Not sure if that is allowed or if we would be required to write it in ts or js, but you get the idea.

Use Cases

customizing search pipelines to fit different use cases
customizing tokenization for different languages
etc.

Visuals

No response

Before submitting

I have read and followed the change request guidelines.
I have verified that my idea is a change request and not a bug report.
I have ensured that, to the best knowledge, my idea will benefit the entire community.
I have included relevant links to the documentation, related issues and discussions to underline the need for my idea.

The text was updated successfully, but these errors were encountered:

squidfunk · 2023-02-03T09:59:35Z

Thanks for suggesting. Could you please explain your desired outcome? "Customizing to fit different use cases" is too broad to be actionable. Also, customizing the search tokenizer for different languages can be implemented by using different separators for two different sites. In the discussion you linked, you mentioned:

For example on the mkdocs-material site if you search for test::search I'd expect it to return results about the two tokens (test and search) assuming the regex separator was applied to the query.

This was reported and fixed in #4884 and released in 9.0.7. The functionality for search transformation was removed because the current approach was not general enough and did not scale well. I'm happy to add a new way extension or transformation hook that allows to intercept query (and maybe results) and alter them before returning them, but we need to collect some use cases before tackling that.

flynneva · 2023-02-06T17:19:38Z

Could you please explain your desired outcome?

@squidfunk sure: be able to modify the lunr.js pipeline to fit other use cases not covered by the default search pipeline - like this one: Two stage tokenization to add full strings to the index.

customizing the search tokenizer for different languages can be implemented by using different separators for two different sites

@squidfunk I don't think you can add tokens found that are separated by spaces and tokens found that follow some separator regex (two-stage tokenization) using the current separator approach, right?

I'm happy to add a new way extension or transformation hook that allows to intercept query (and maybe results)
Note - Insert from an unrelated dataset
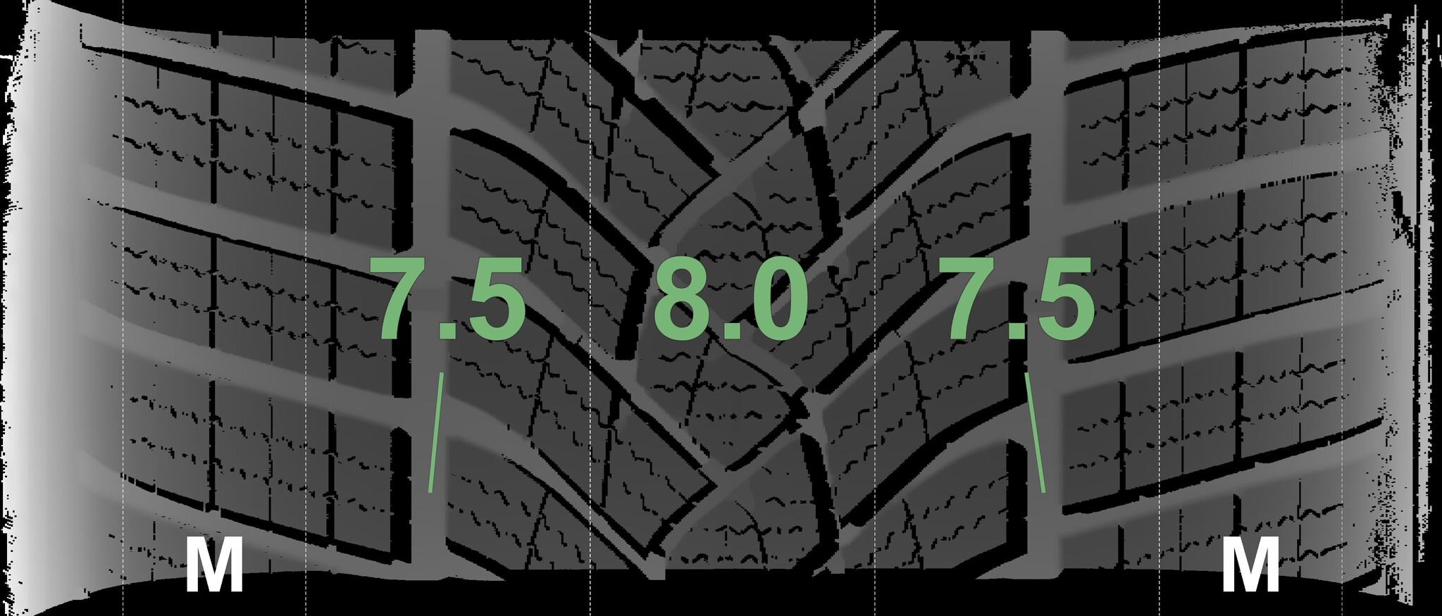 | Condition | Profile depth | DOT | Front Right | New | 7.5 mm | 2821 |
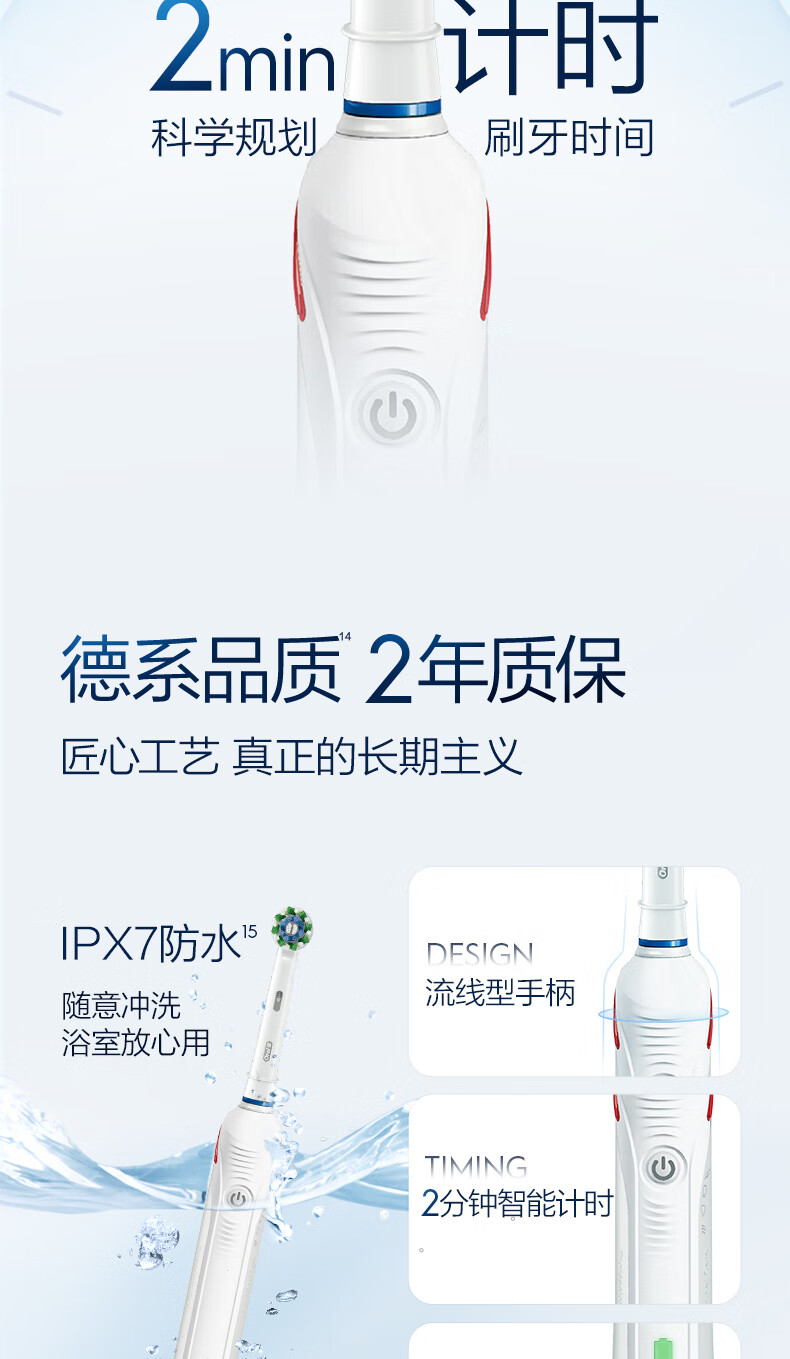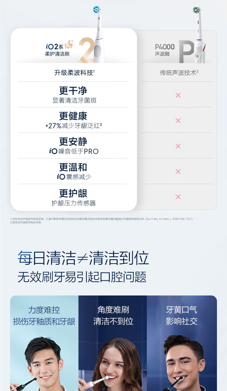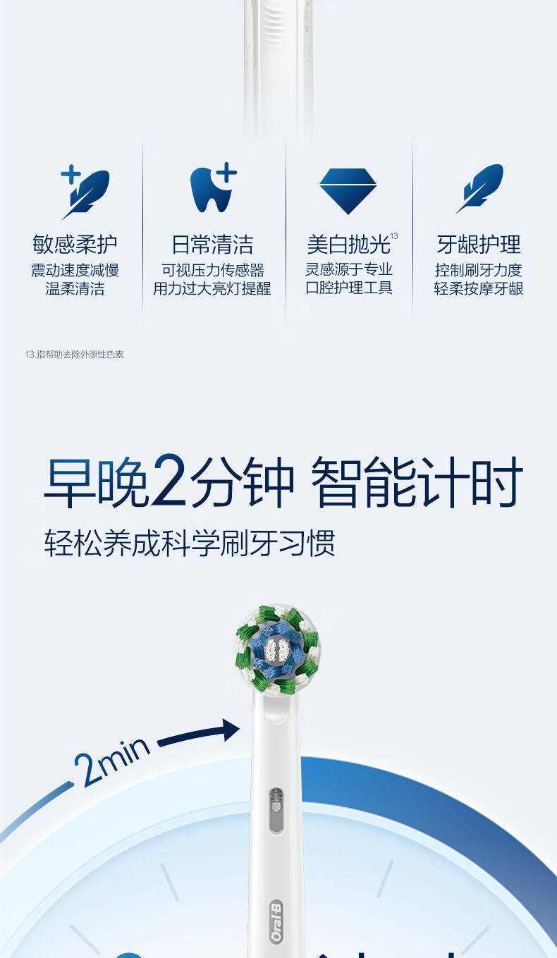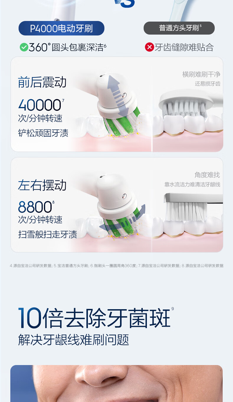 欧乐B成人电动牙刷男士女士P4000深度清洁牙龈呵护3D声波京东自营热卖榜商务伴手礼生日礼物送男友女友

@squidfunk I'm confused by this statement. This is the "old way" of doing it. The "new way" would be to take advantage of the features that lunr.js provides (pipelines)...right? Not sure of the effort involved to enable us to customize our own pipelines, but that is what this issue is asking for.

squidfunk · 2023-02-07T06:34:06Z

I'm confused by this statement. This is the "old way" of doing it. The "new way" would be to take advantage of the features that lunr.js provides (pipelines)...right? Not sure of the effort involved to enable us to customize our own pipelines, but that is what this issue is asking for.

I may have formulated a bit badly – yes, it's the old way, but I was talking about rethinking that process, as it only allowed for query transformation and nothing else. Transformation is now done as part of the worker, so maybe we could provide hooks to hook into different parts of the search index, possibly exposing one hook to alter Lunr.js before starting to index documents. This would effectively allow to implement own pipeline functions with which you should achieve what you we're aiming for when we talked about the two-stage tokenization approach.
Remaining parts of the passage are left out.